Metadata-Version: 2.4
Name: envbert-mcp
Version: 3.0.0
Summary: MCP server exposing raw envbert EDD classification to Claude, no LLM fallback, no Ollama/Azure dependency
License: MIT
Project-URL: Homepage, https://github.com/YOUR_ORG/envbert-mcp
Keywords: envbert,mcp,edd,environmental,due-diligence,claude,bert
Classifier: Development Status :: 4 - Beta
Classifier: Intended Audience :: Science/Research
Classifier: License :: OSI Approved :: MIT License
Classifier: Programming Language :: Python :: 3.10
Classifier: Programming Language :: Python :: 3.11
Classifier: Programming Language :: Python :: 3.12
Classifier: Topic :: Scientific/Engineering :: Artificial Intelligence
Requires-Python: >=3.10
Description-Content-Type: text/markdown
Requires-Dist: mcp>=1.0.0
Requires-Dist: envbert>=0.1.0
Provides-Extra: dev
Requires-Dist: pytest>=8.0.0; extra == "dev"
Requires-Dist: pytest-asyncio>=0.23.0; extra == "dev"

# envbert-mcp

MCP server exposing **raw envbert** (DistilBERT EDD classification) to
Claude — standalone, no LLM fallback, no Ollama/Azure dependency.

---

## Why raw envbert, not envbert-agent

envbert-agent adds an LLM fallback step for low-confidence classifications
— useful when there's no other reasoning layer downstream (CLI usage,
batch pipelines writing straight to a CSV).

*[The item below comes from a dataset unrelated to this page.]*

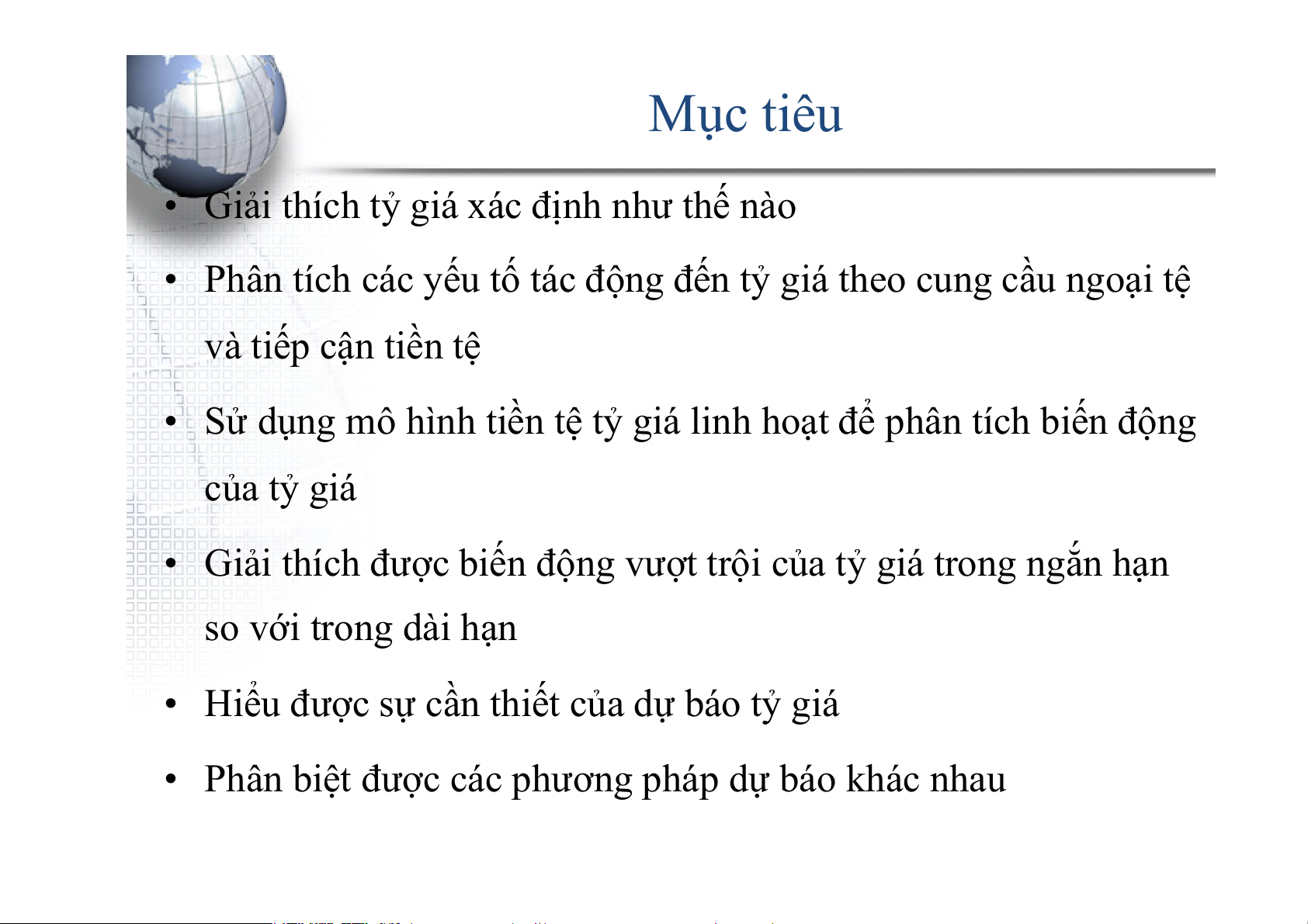 • Hiểu được sự cần thiết của dự báo tỷ giá

But Claude *is* a reasoning
layer already sitting right there. Routing through a second, hidden LLM
call inside the tool — adding ~10s and, if configured for Azure, real
cost — is redundant when Claude can look at a low-confidence label
directly and decide what to do with it.

This server calls `envbert.due_diligence.envbert_predict()` directly. No
network hop, no Ollama, no Azure, no envbert-api. Sub-second responses.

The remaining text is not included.